Table 1 Assessment of population stratification in 11 epidemiological studies

We next applied the method of Genomic Control12,13 to estimate quantitatively the amount of stratification consistent with the data for each of the 11 studies. Genomic Control is conceptually simple: the method examines the distribution of association statistics (χ2) between unlinked genetic variants typed in cases and controls. The statistic at a candidate allele being tested for association can then be compared with the genome-wide distribution of statistics for markers that are probably unrelated to disease to assess whether the candidate allele stands out. In the absence of stratification, association between unlinked genetic variants and disease should follow a χ2 distribution with 1 degree of freedom12,13. In the presence of stratification, the distribution of association statistics should be inflated by a value termed λ, which becomes larger with increasing of sample size (Fig. 1).

Figure 1: The effect of stratification on association studies.
figure 1

(a) Stratification inflates χ2 association statistics by a factor λ, which changes depending on the sample size. Scenario 1 corresponds to gross stratification; scenarios 2 and 3 correspond to the range of stratification estimated in the African American prostate cancer study; and scenario 4 corresponds to no stratification. (b) Comparison of the nominal P values with those corrected for stratification shows that stratification that is difficult to detect in a study of hundreds of cases and controls can cause many false positive signals in a study of thousands of samples.

We estimated stratification for each of the 11 data sets and report the inflation of association statistics that would be expected in a study of 1,000 cases and 1,000 controls, called λ1000. (It is simple to extrapolate from λ1000 to the inflation factor due to stratification for any sample size12.) Consistent with the fact that the 11 data sets showed no significant evidence for stratification, the confidence intervals for λ1000 overlapped 1 in every study.
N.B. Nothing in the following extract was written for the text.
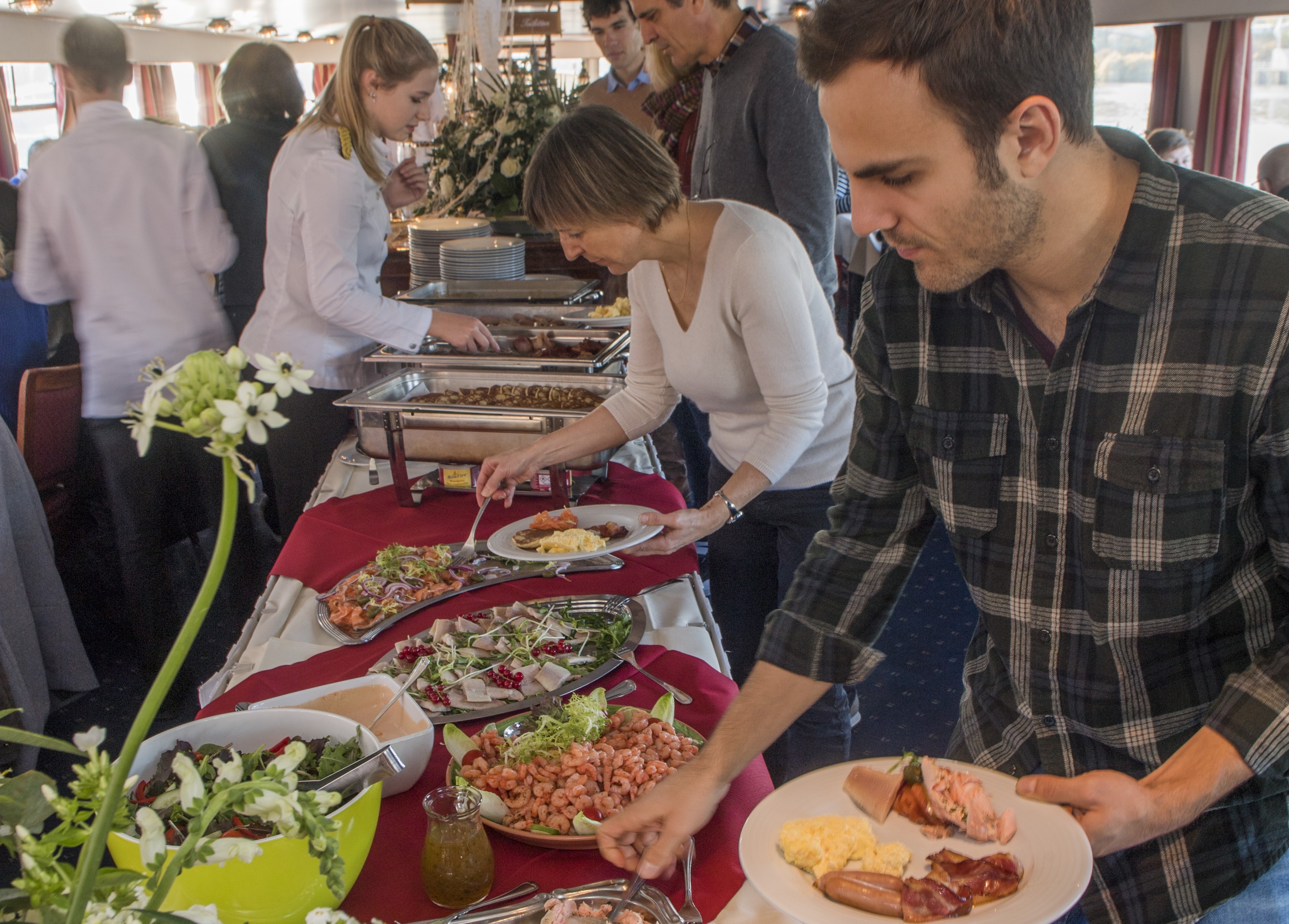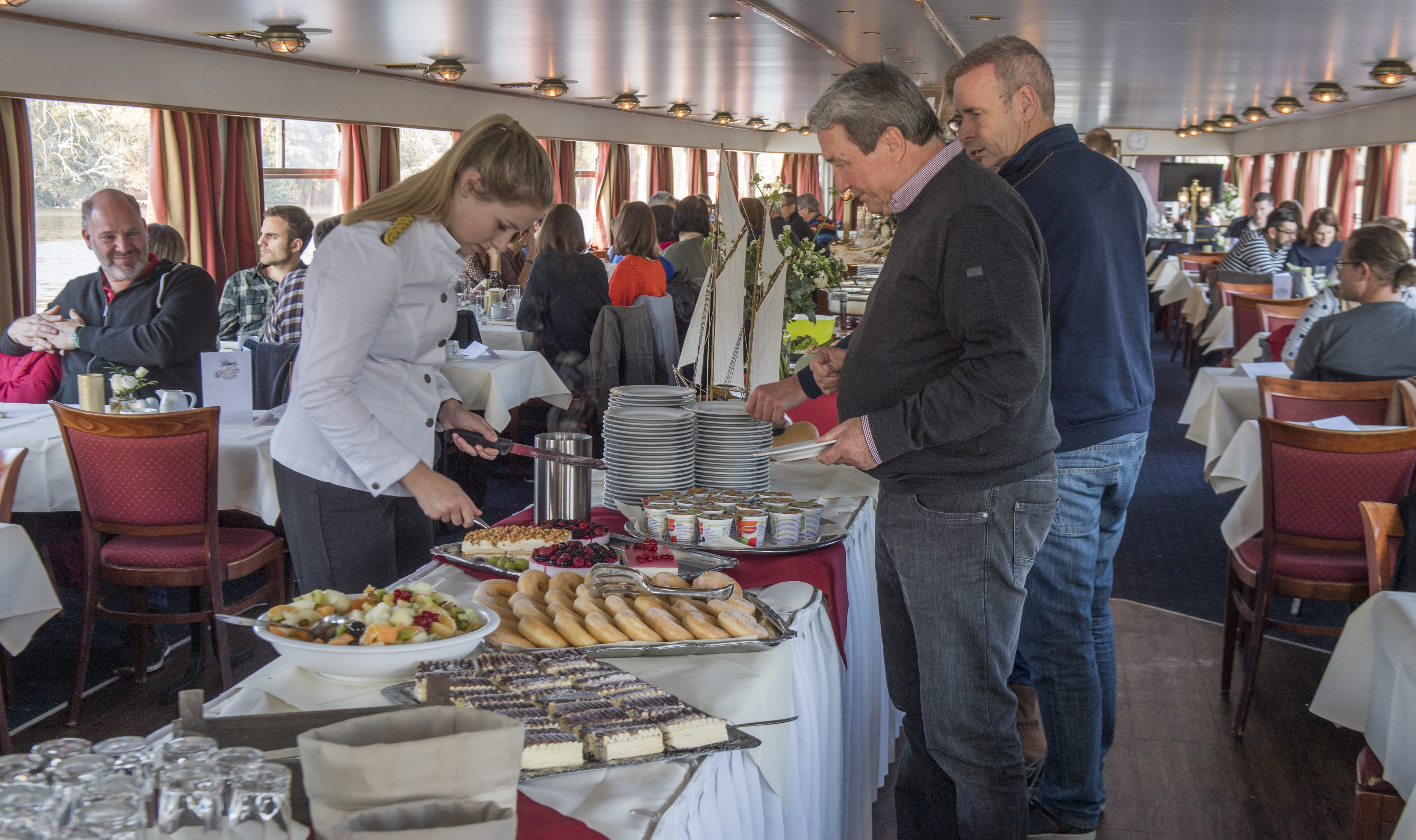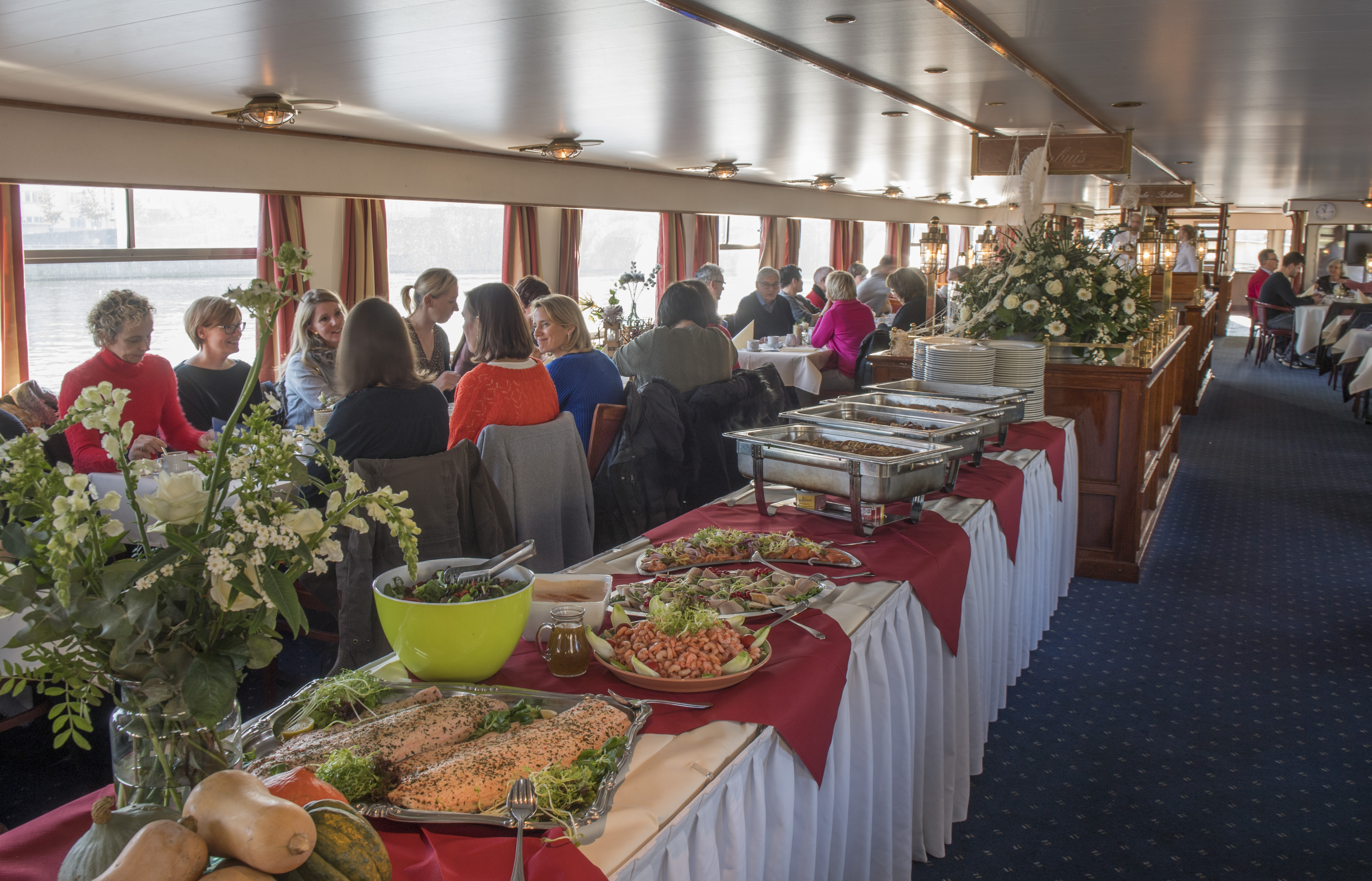 Le bateau t’emmène pour une belle croisière sur la Meuse. Pendant la traversée, l’équipage te propose un copieux buffet brunch avec différents plats chauds et froids. Le café et le thé sont inclus dans cette croisière.

Nevertheless, we found that the confidence intervals were sufficiently broad that substantial levels of stratification could not be excluded. For example, the 95th percentile upper bound on λ1000 in the studies averaged 7.9 (Table 1 and Fig. 2).

Figure 2: Likelihood surfaces for stratification for the 11 studies, assuming 1,000 cases and 1,000 controls (we provide results for λ1000, but likelihood surfaces for other numbers of cases and controls could be obtained simply by rescaling the axis using the equation in Methods).
figure 2

The upper bound on the level of stratification can be obtained from the figures as the point where the likelihood drops to 4.5% of its maximum, which is a log-likelihood criterion for a 95th percentile upper bound (one-sided test). With the handful of SNPs genotyped initially (24–48), the likelihood distribution is broad. Although no studies show significant stratification, all are consistent with levels of stratification that could produce notable numbers of false positives. Increasing the number of SNPs and samples can tighten the estimate of population stratification. This is shown for the African American and European American prostate cancer studies, for which we provide both an initial estimate of stratification based on the noncoding SNPs and a more precise estimate based on an expanded sample size and inclusion of missense SNPs.
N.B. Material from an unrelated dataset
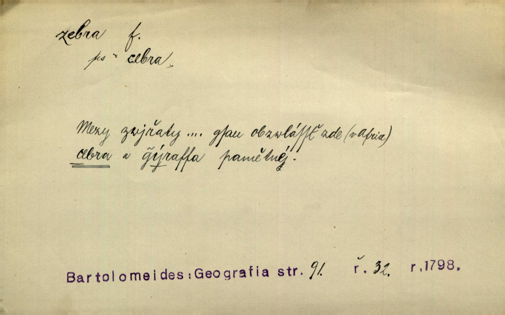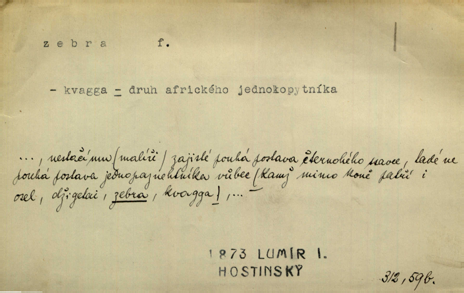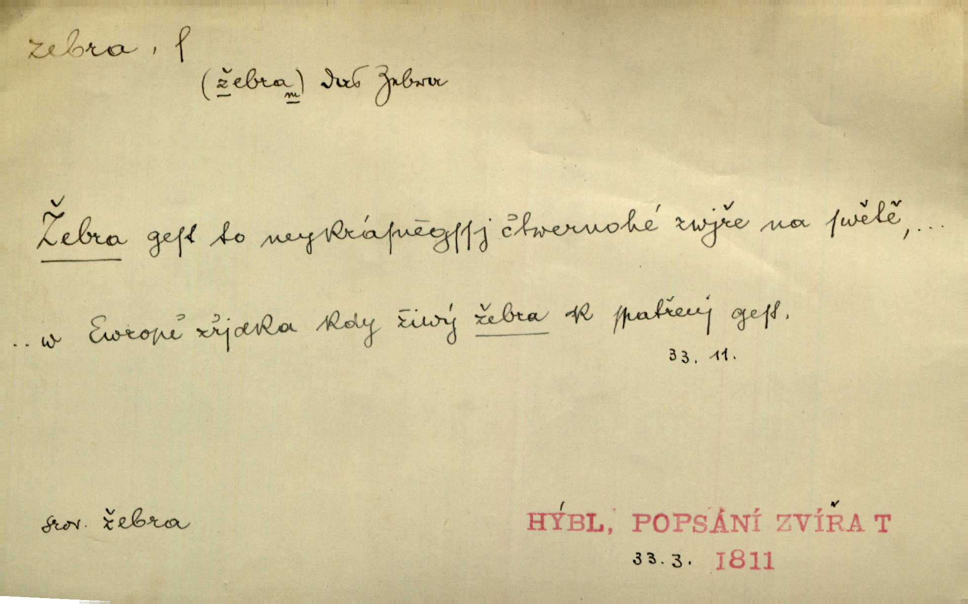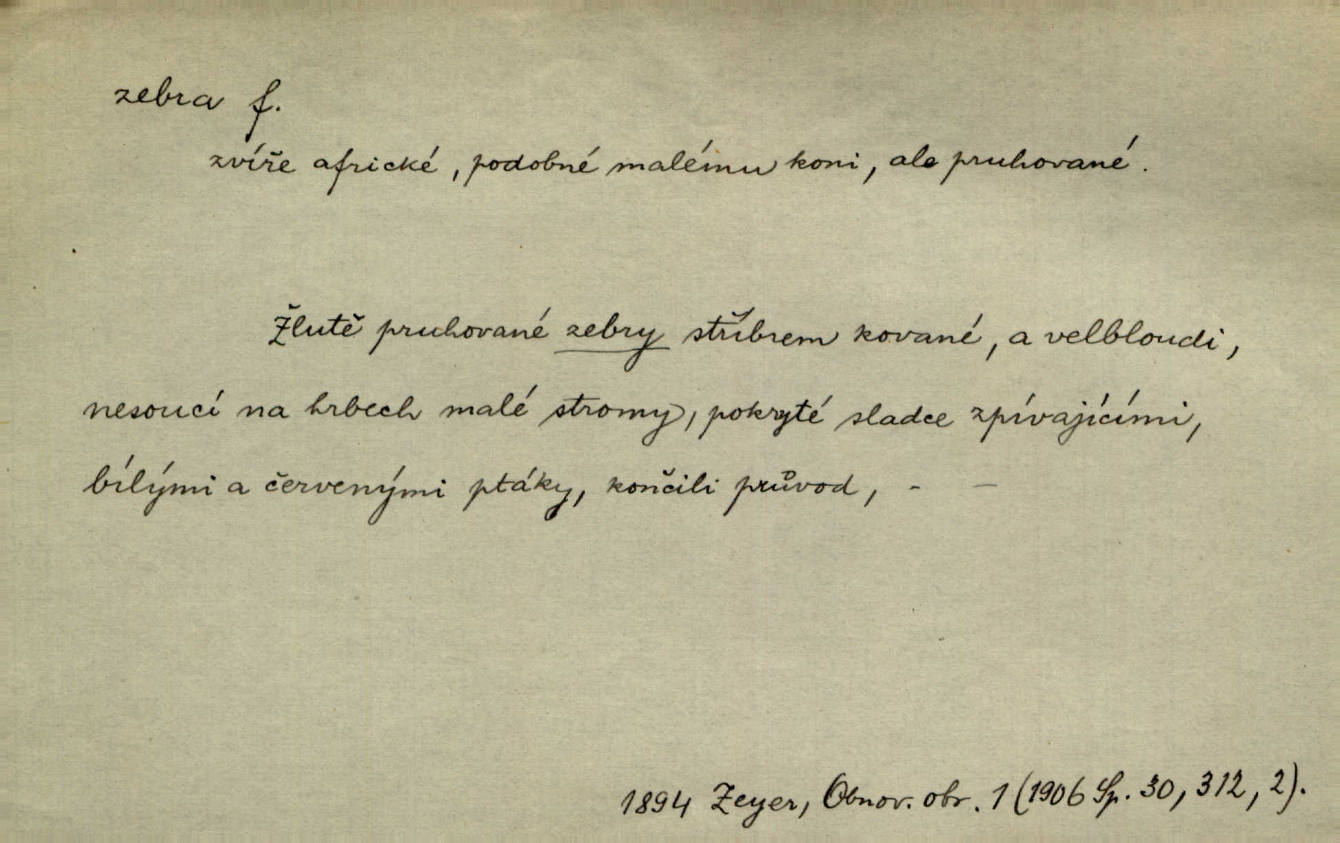 - zebra, -y f. africký kopytnatec černě a žlutě pruhovaný. Žlutě pruhované zebry a velbloudi končili průvod. Zey. Podíval jsem se na její šat, jenž vypadal jako pruhovaná kůže africké zebry. Ner. Zool. druh ssavců z čeledi Equidae, Equus zebra. D Obch. zebrové dřevo.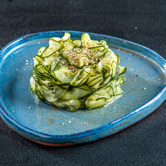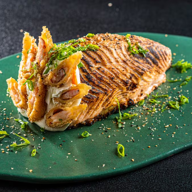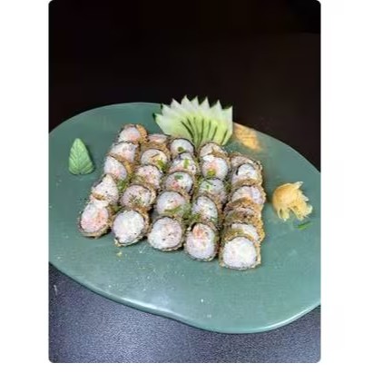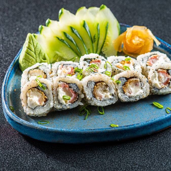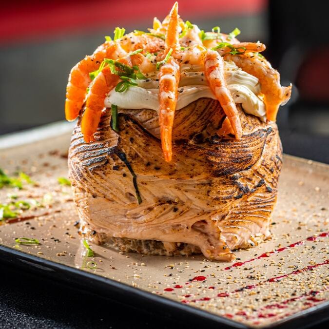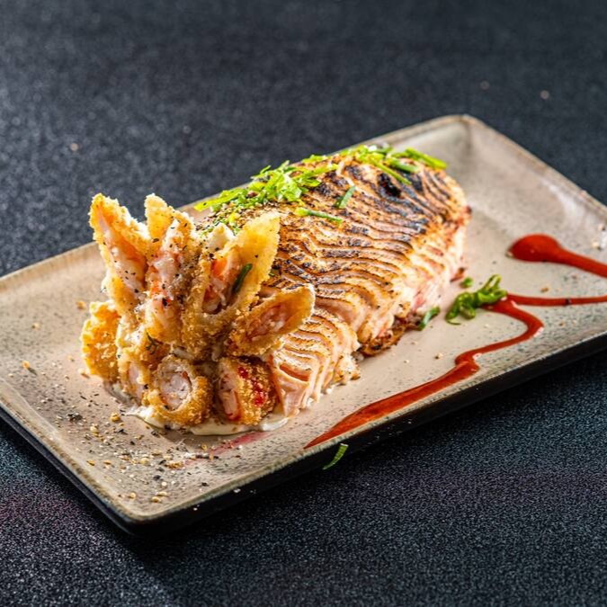 Camadas de arroz japonês recheado de camarão empanado, skin(pele de salmão) empanado e cream cheese, coberto com uma manta de salmão maçaricado. Acompanha 3 molhos shoyu sachê 10ml e 3 molhos teriyaki 30ml

We increased power to detect stratification by increasing the number of SNPs and samples examined in one of the 11 studies that initially showed no significance evidence for stratification, the African American prostate cancer study (P < 0.75). For the follow-up, we approximately quadrupled the number of markers and increased the sample size by a factor of 5–6 (474 prostate cancer cases and 476 cohort controls). The new markers consisted of a collection of missense SNPs, which we treated as being in the same class as the noncoding SNPs, because, within the limits of our resolution (Table 2), they showed the same levels of population differentiation (with sufficient power, such differences can probably be detected14). The new markers also included a second set of SNPs chosen for their large allele frequency differences between west Africans and Europeans15, which makes them particularly powerful for detecting stratification16.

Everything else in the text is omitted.